> [EXERCISE PROMPT]: The goal is a clean copy of all the data below, with pictures dropped and everything else retyped exactly.

> [INFORMATION PROVIDED]:
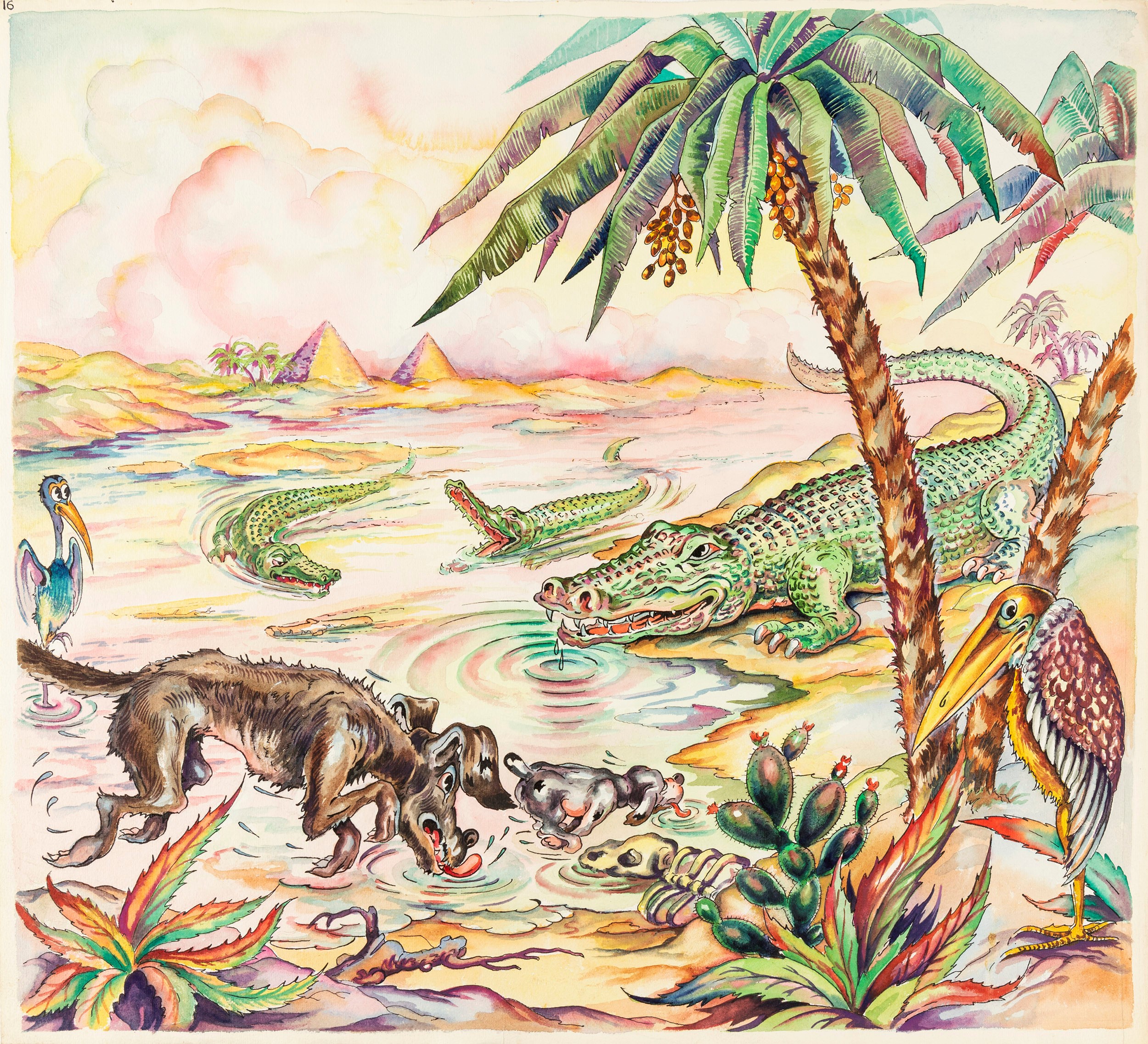 anni '50 Illustrazione originale realizzata da Lucchetti durante gli anni ´50 per Favole esopiane di Fedro, l´episodio si intitola I cani e i coccodrilli.
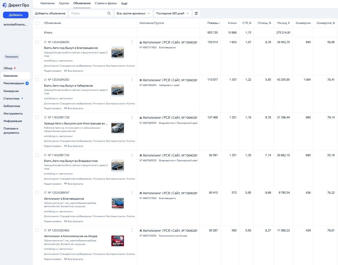 Кампания обеспечивает стабильный поток целевых лидов со средней стоимостью около 300 рублей. Реклама работает настолько эффективно, что при дефиците автомобилей у клиента её приходится временно приостанавливать. После обновления ассортимента объявления быстро возвращаются в эфир и стабильно достигают заданных KPI.
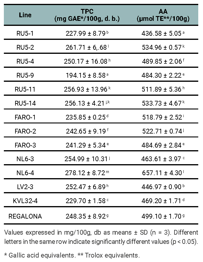 Total phenolic content (TPC) and in vitro antioxidant activity (AA) of the quinoa lines.
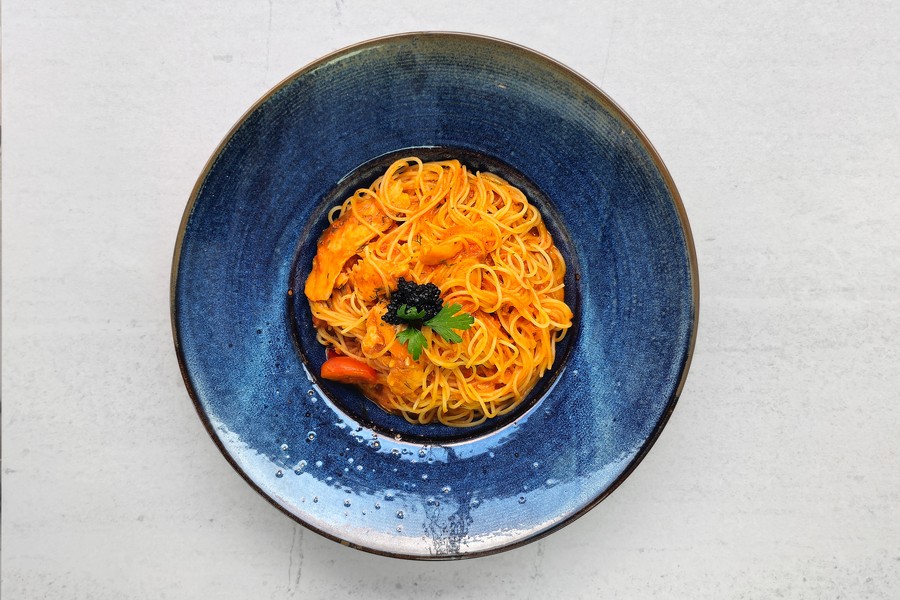 For starters, we sampled three salad dishes. A larb-style tuna and salmon salad with avocado and crunchy rice crackers. The Brezza Salad with grilled prawns and chicken breast pieces with a classic Cocktail Sauce dressing. And a Salmon Salad with grilled salmon fillet, fresh salad leaves including radicchio, clove-spiced beetroot pieces, orange and avocado, all topped with generous dollops of salmon roe. All the salad dressings were served on the side, providing a choice of the amount to add. A fresh, light and seafood-centric start to the meal.

> [TASK OUTPUT]:
 anni '50 Illustrazione originale realizzata da Lucchetti durante gli anni ´50 per Favole esopiane di Fedro, l´episodio si intitola I cani e i coccodrilli.
 Кампания обеспечивает стабильный поток целевых лидов со средней стоимостью около 300 рублей. Реклама работает настолько эффективно, что при дефиците автомобилей у клиента её приходится временно приостанавливать. После обновления ассортимента объявления быстро возвращаются в эфир и стабильно достигают заданных KPI.
 Total phenolic content (TPC) and in vitro antioxidant activity (AA) of the quinoa lines.
 For starters, we sampled three salad dishes. A larb-style tuna and salmon salad with avocado and crunchy rice crackers. The Brezza Salad with grilled prawns and chicken breast pieces with a classic Cocktail Sauce dressing. And a Salmon Salad with grilled salmon fillet, fresh salad leaves including radicchio, clove-spiced beetroot pieces, orange and avocado, all topped with generous dollops of salmon roe. All the salad dressings were served on the side, providing a choice of the amount to add. A fresh, light and seafood-centric start to the meal.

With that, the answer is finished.